Turn-in Checklist: You should turn in your answers to questions 1-10 on paper at the beginning of class on Tuesday, 21 September. (It is not necessary to submit your code electronically.)

5 Responses to Problem Set 3: Implementing Abstract Datatypes

  1. bkn3yh says:
    18 September 2010 at 9:52 pm

    In public class Poly {
    // Rep:
    private ArrayList<TermRecord&gt terms;

    what does &gt mean?

  2. David Evans says:
    20 September 2010 at 1:24 pm

    I’ve fixed a couple typesetting problems with the StringGraph specification. The overview specification should list the edges as ordered pairs, instead of sets. It now reads,

    A typical StringGraph is
    < {v1, v2, ..., vn} , { (v_a1, v_b1), (v_a2, v_b2), ... } >
    where each ai and bi is in [1, n].

    Note that the abstract representation of the edges is a set of pairs of Strings, where each string is the name of a node in the node set.

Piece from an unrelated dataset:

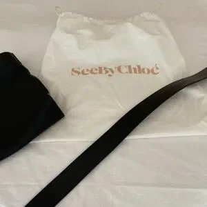 Like New! Only used twice. See by Chloe Joan Leather Shoulder Bag Black + Front is embellished with the line's signature feminine braided O-ring with the key and medal. Features a removable strap for multiple carry options.+ calf leather + gold-tone hardware + ring hardware detailing + Key pendant charm + Snap tab closure + Removable shoulder strap + Wide Single shoulder strap + Double flat top handles + Interior slip pocket + Calf Leather 100% Lining: Calf Leather 100%, Suede lining + CHS23USBD30001 + Retail: $695 » 14"W x 3.25"D x x 11.5”H, 3" double handle drop, 21” Strap Drop »❤️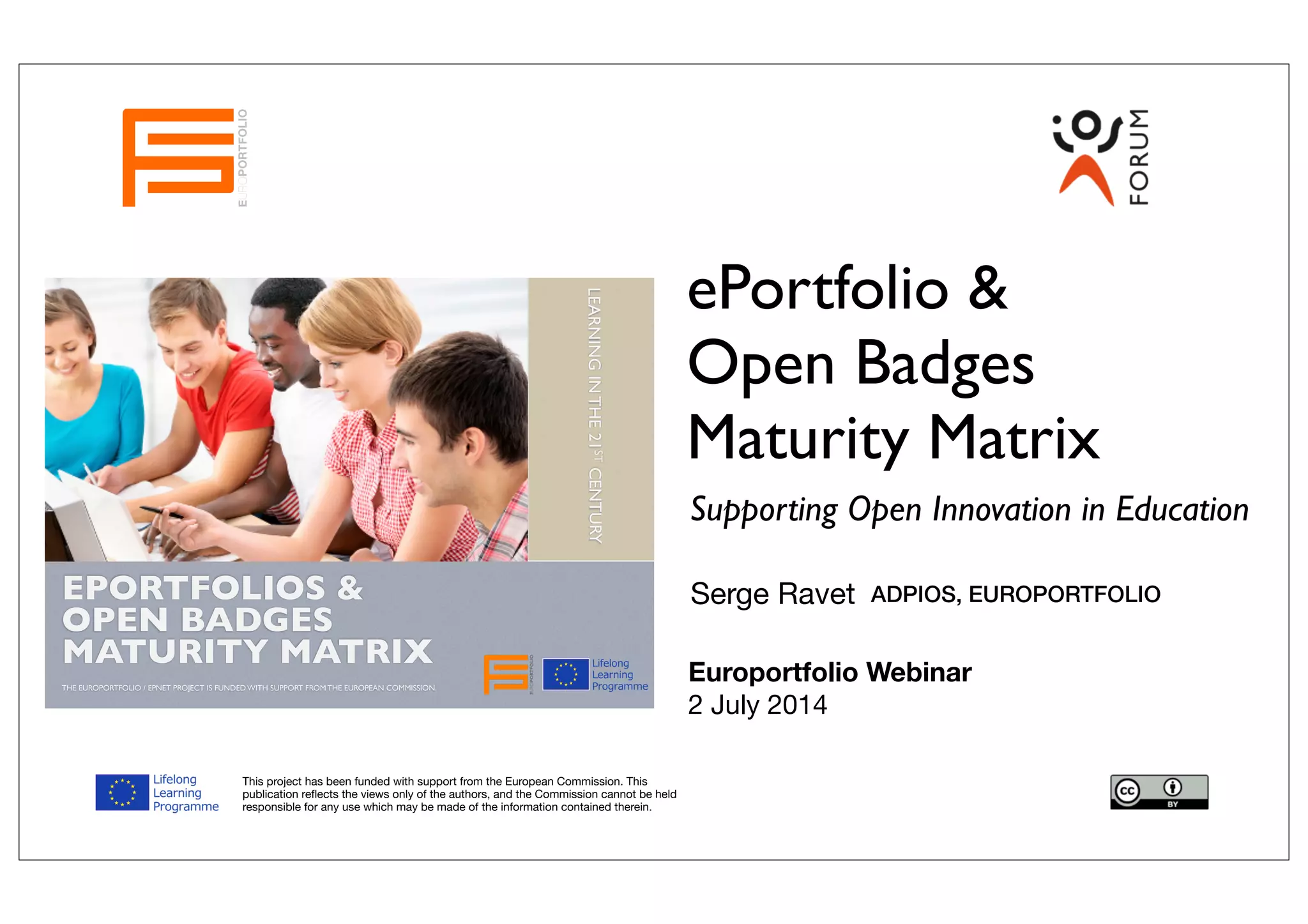 The evaluation report presents the ePortfolio and open badges maturity matrix developed under the Europortfolio/EPNet project, funded by the European Commission. It discusses the varying maturity levels of ePortfolio practices in contexts such as learning, assessment, and technology integration across formal and informal settings. The report highlights important aspects like curriculum design, reflective practices, assessment methods, and ICT skills among teaching staff and learners, detailing the progress from initial awareness to advanced implementation stages.

    Also, I fixed the specification of addEdge. There was a problem with the html, it should read

    Gpost = < Vpre, Epre U { (s, t) } >

    to show the new edge is added to the set of edges.

    Sorry for the confusion!

  3. blantonj says:
    20 September 2010 at 6:59 pm

    The specification for StringGraph says that it is a directed graph, which means that each connection goes one way. For getAdjacent, then, should it include all nodes in any way connected to the input or just ones that start at the input?

    • David Evans says:
      20 September 2010 at 7:54 pm

      The specification is less clear than it should be on this, since the prose is ambiguous, but the formal notation is more clear (but not consistent with the notation used elsewhere!):

      EFFECTS: If s is not a node in this, throws NoNodeException.
      Otherwise, returns a set containing the nodes adjacent to s

      That is, returns the set of nodes
      { e | <s, e> is in E }

      This suggests that it should only include nodes that can be reached following an edge from s to e. The inconsistency is the abstract notation uses (s, e) to denote edges, but the spec here incorrectly uses <s, e>.

      A better specification would make this more clear:

      EFFECTS: If s is not a node in this, throws NoNodeException.
      Otherwise, returns a set containing the nodes that can be reached following an edge from s

      That is, returns the set of nodes { e | (s, e) is in E }